Re-analysis shows that school closures would lead to lower demand for ICU beds at the cost of more deaths long term from covid-19
Several predictions made by experts ahead of the UK-wide lockdown in March are confirmed in a detailed re-analysis of the data published by The BMJ today.
A report produced by researchers from Imperial College London was reported to be the main evidence behind lockdown decisions taken by the UK government in March 2020.
The Imperial College report was based on a detailed model of interactions between people in the UK. The model predicted how the virus would spread, how the NHS would be affected, and how many would die in different scenarios.

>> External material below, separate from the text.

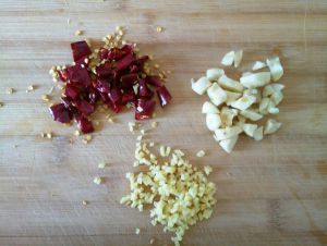 准备配料腌排骨,姜末,蒜末,干辣椒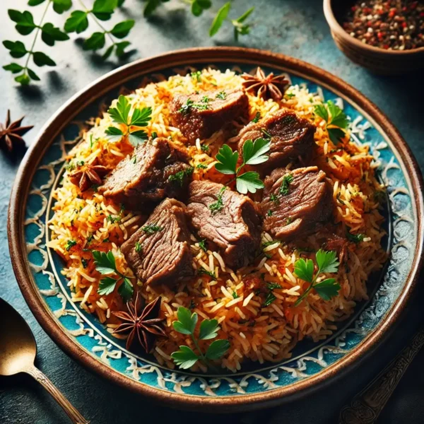 Tender lamb pieces cooked with basmati rice, garam masala, onions and bell peppers and nuts.

Now researchers at the University of Edinburgh have re-analysed the results from this report using updated data in a detailed simulation model (“CovidSim”).
The new analysis confirms that information used by the SAGE advisory committee to advise on lockdown showed that school closures would result in more overall covid-19 deaths than no school closures, and that social distancing in the over 70s only would be more effective in reducing covid-19 deaths than general social distancing.
It also confirms that none of the proposed mitigation strategies modelled in the original report, apart from effective implementation of a vaccine, would reduce the predicted total number of covid-19 deaths in the UK below 200,000, more than three times the current number.
Their analysis suggests that the interventions implemented in March gave the best possible outcome in terms of reducing peak demand for intensive care unit (ICU) beds, but were also known to prolong the epidemic, resulting in more long-term covid-19 deaths unless an effective vaccination programme is implemented.
It confirms that adding school and university closures to other measures (case isolation, household quarantine, and social distancing in people older than 70) would increase the overall total number of covid-19 deaths compared with no closures.
It supports the projection that while general social distancing would reduce the number of covid-19 cases, it would increase the total number of deaths compared with social distancing of over 70s only. This is because covid-19 related deaths are highly skewed towards older age groups.
Over 97% of covid deaths occur in over 65s, compared with 5% for Spanish ‘flu. As such, they conclude that mitigating a covid-19 epidemic “requires a different strategy from an influenza epidemic, with more focus on shielding elderly and vulnerable people.”
The model clearly predicts a second wave, initially growing more slowly, but becoming larger than the first unless interventions are reimplemented. The researchers stress that currently available data are insufficient to reliably predict exactly where localised spikes will occur.
Nevertheless, they point out that UK policy advice has concentrated on reducing the total number of covid-19 cases, not the number of deaths. Strategies which minimise deaths “involve focusing stricter social distancing measures on care homes where people are likely to die rather than schools where they are not.”
In all mitigation scenarios, epidemics modelled using CovidSim eventually finish with widespread infection and immunity, and the final death toll depends primarily on the age distribution of those infected and not the total number, they write.